**Task requirements:** What is needed is the full set of records, word for word, with no pictures.

**Source records:**
=== Begin Enclosure ===
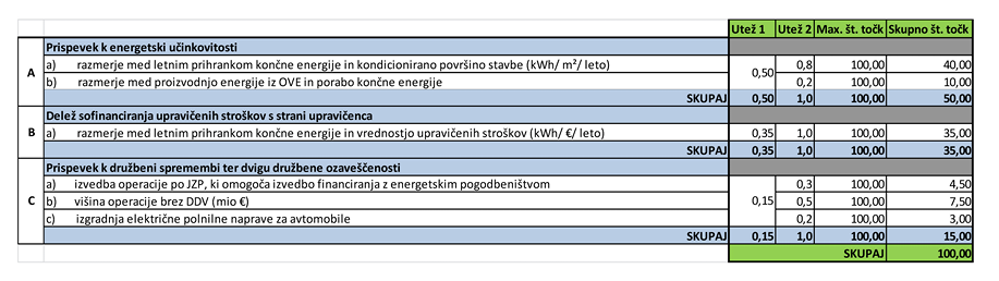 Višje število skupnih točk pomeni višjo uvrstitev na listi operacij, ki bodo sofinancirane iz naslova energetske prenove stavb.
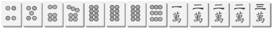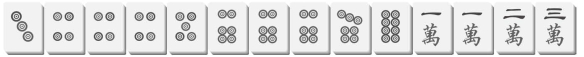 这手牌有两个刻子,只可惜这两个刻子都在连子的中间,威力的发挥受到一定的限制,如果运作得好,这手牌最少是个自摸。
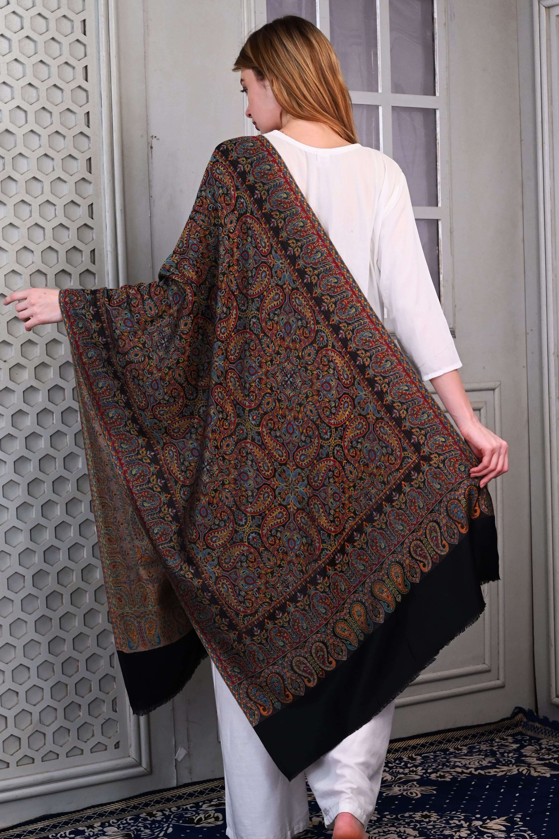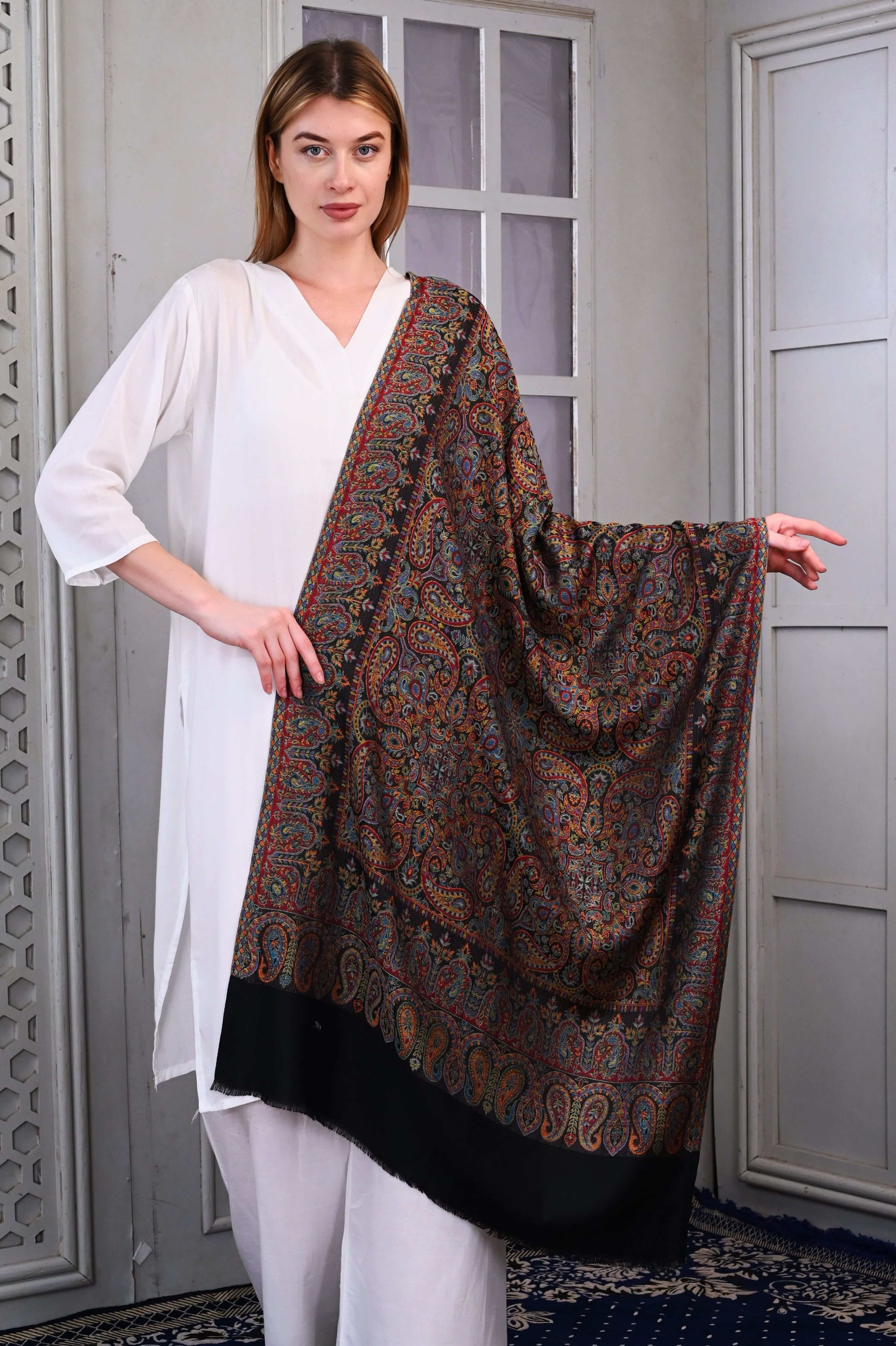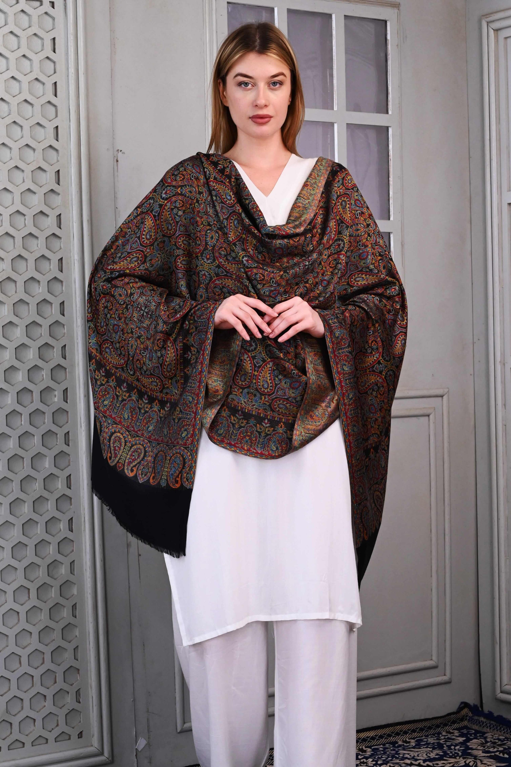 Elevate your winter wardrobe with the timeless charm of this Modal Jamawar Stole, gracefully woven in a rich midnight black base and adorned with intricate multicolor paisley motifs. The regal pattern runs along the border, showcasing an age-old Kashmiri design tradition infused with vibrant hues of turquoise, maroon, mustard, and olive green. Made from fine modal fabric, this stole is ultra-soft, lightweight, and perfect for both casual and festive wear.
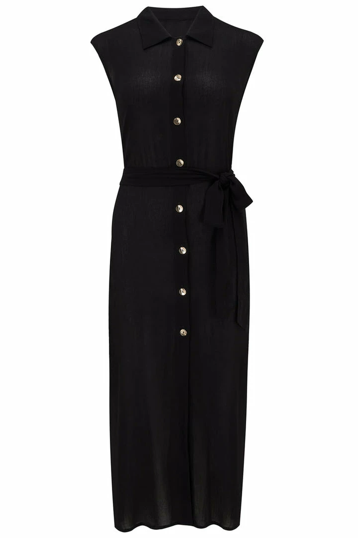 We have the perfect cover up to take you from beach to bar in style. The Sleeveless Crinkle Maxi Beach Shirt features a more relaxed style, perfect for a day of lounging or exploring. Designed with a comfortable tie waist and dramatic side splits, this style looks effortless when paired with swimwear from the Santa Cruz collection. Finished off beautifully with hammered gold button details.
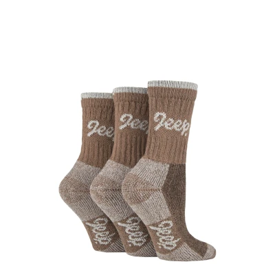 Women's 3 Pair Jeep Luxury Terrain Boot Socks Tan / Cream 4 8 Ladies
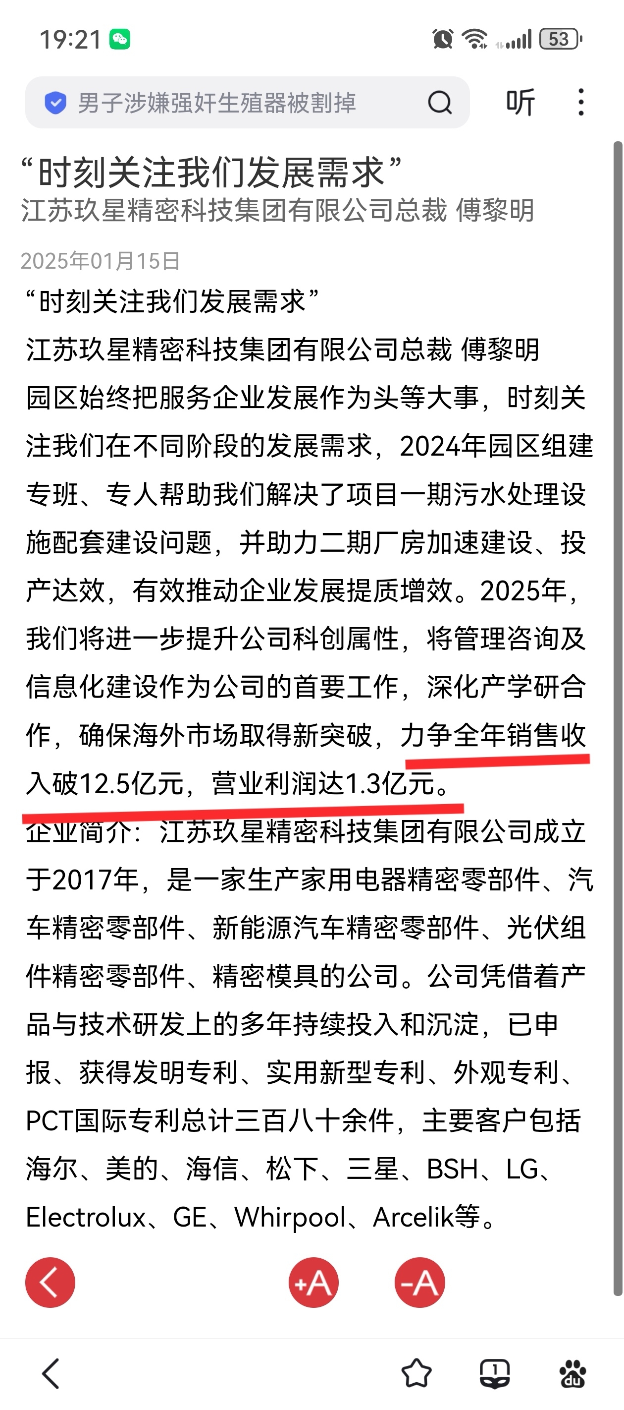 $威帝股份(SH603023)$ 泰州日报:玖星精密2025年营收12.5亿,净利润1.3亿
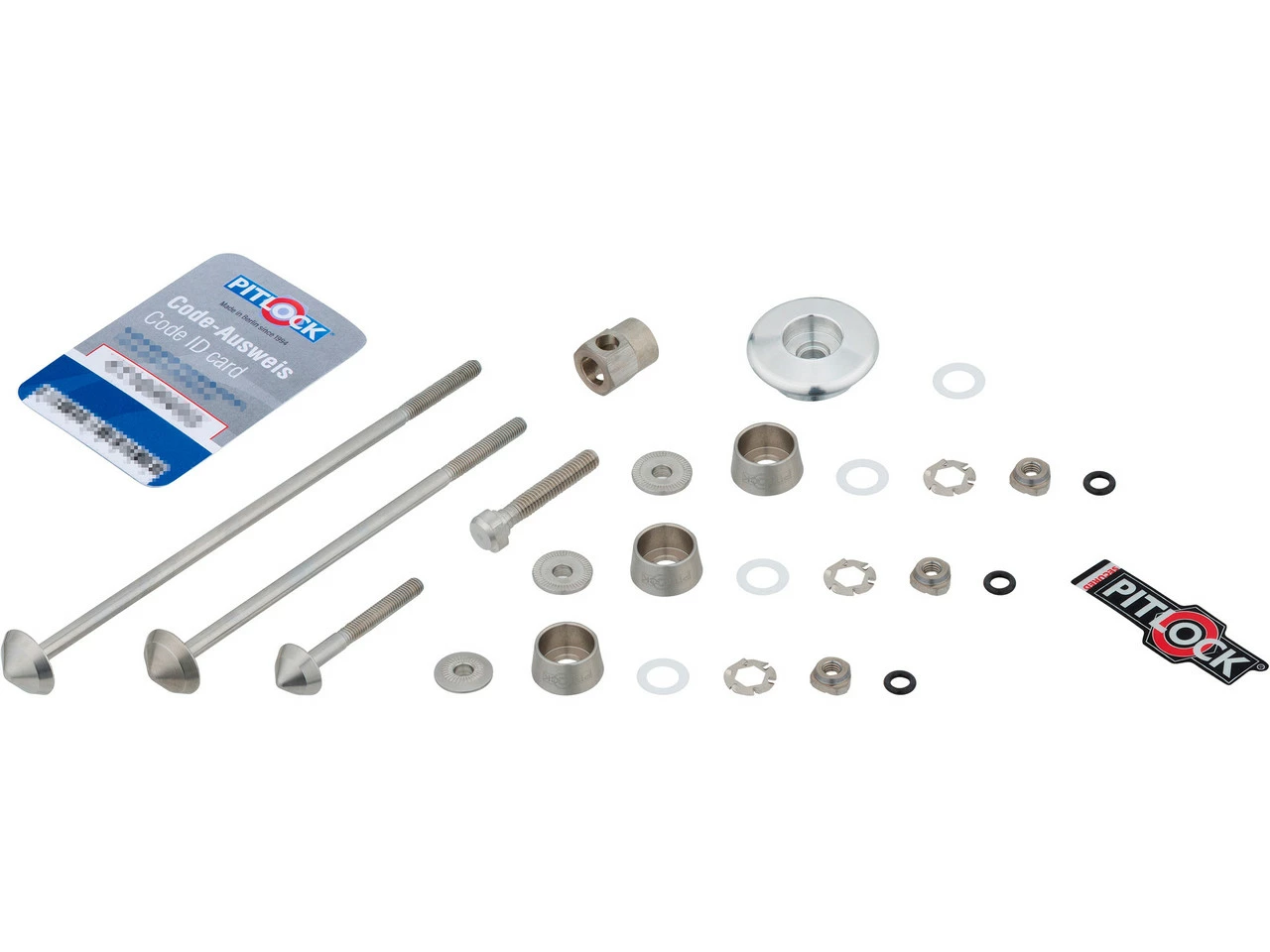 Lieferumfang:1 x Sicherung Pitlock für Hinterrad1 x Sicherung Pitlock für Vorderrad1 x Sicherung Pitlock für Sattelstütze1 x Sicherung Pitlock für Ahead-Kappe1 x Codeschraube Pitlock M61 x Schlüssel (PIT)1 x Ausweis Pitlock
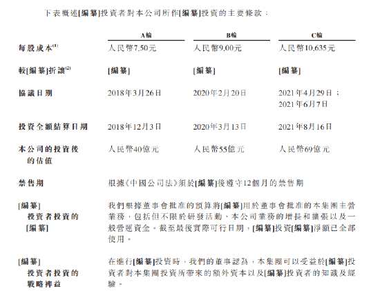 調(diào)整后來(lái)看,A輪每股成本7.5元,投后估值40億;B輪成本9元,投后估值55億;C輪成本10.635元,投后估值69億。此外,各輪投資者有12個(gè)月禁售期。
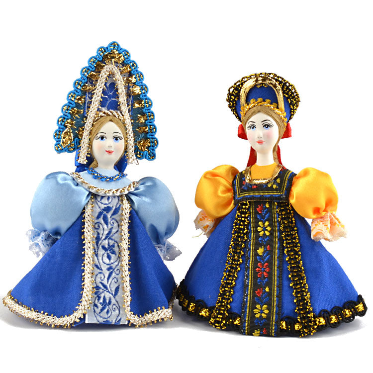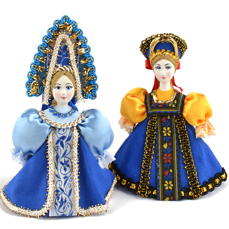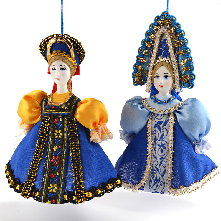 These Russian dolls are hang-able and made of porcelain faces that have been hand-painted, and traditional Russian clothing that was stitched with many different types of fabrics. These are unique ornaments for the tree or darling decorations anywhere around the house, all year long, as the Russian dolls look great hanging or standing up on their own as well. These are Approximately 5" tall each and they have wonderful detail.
=== End Enclosure ===
**Exercise output:**
 Višje število skupnih točk pomeni višjo uvrstitev na listi operacij, ki bodo sofinancirane iz naslova energetske prenove stavb.
 这手牌有两个刻子,只可惜这两个刻子都在连子的中间,威力的发挥受到一定的限制,如果运作得好,这手牌最少是个自摸。
 Elevate your winter wardrobe with the timeless charm of this Modal Jamawar Stole, gracefully woven in a rich midnight black base and adorned with intricate multicolor paisley motifs. The regal pattern runs along the border, showcasing an age-old Kashmiri design tradition infused with vibrant hues of turquoise, maroon, mustard, and olive green. Made from fine modal fabric, this stole is ultra-soft, lightweight, and perfect for both casual and festive wear.
 We have the perfect cover up to take you from beach to bar in style. The Sleeveless Crinkle Maxi Beach Shirt features a more relaxed style, perfect for a day of lounging or exploring. Designed with a comfortable tie waist and dramatic side splits, this style looks effortless when paired with swimwear from the Santa Cruz collection. Finished off beautifully with hammered gold button details.
 Women's 3 Pair Jeep Luxury Terrain Boot Socks Tan / Cream 4 8 Ladies
 $威帝股份(SH603023)$ 泰州日报:玖星精密2025年营收12.5亿,净利润1.3亿
 Lieferumfang:1 x Sicherung Pitlock für Hinterrad1 x Sicherung Pitlock für Vorderrad1 x Sicherung Pitlock für Sattelstütze1 x Sicherung Pitlock für Ahead-Kappe1 x Codeschraube Pitlock M61 x Schlüssel (PIT)1 x Ausweis Pitlock
 調(diào)整后來(lái)看,A輪每股成本7.5元,投后估值40億;B輪成本9元,投后估值55億;C輪成本10.635元,投后估值69億。此外,各輪投資者有12個(gè)月禁售期。
 These Russian dolls are hang-able and made of porcelain faces that have been hand-painted, and traditional Russian clothing that was stitched with many different types of fabrics. These are unique ornaments for the tree or darling decorations anywhere around the house, all year long, as the Russian dolls look great hanging or standing up on their own as well. These are Approximately 5" tall each and they have wonderful detail.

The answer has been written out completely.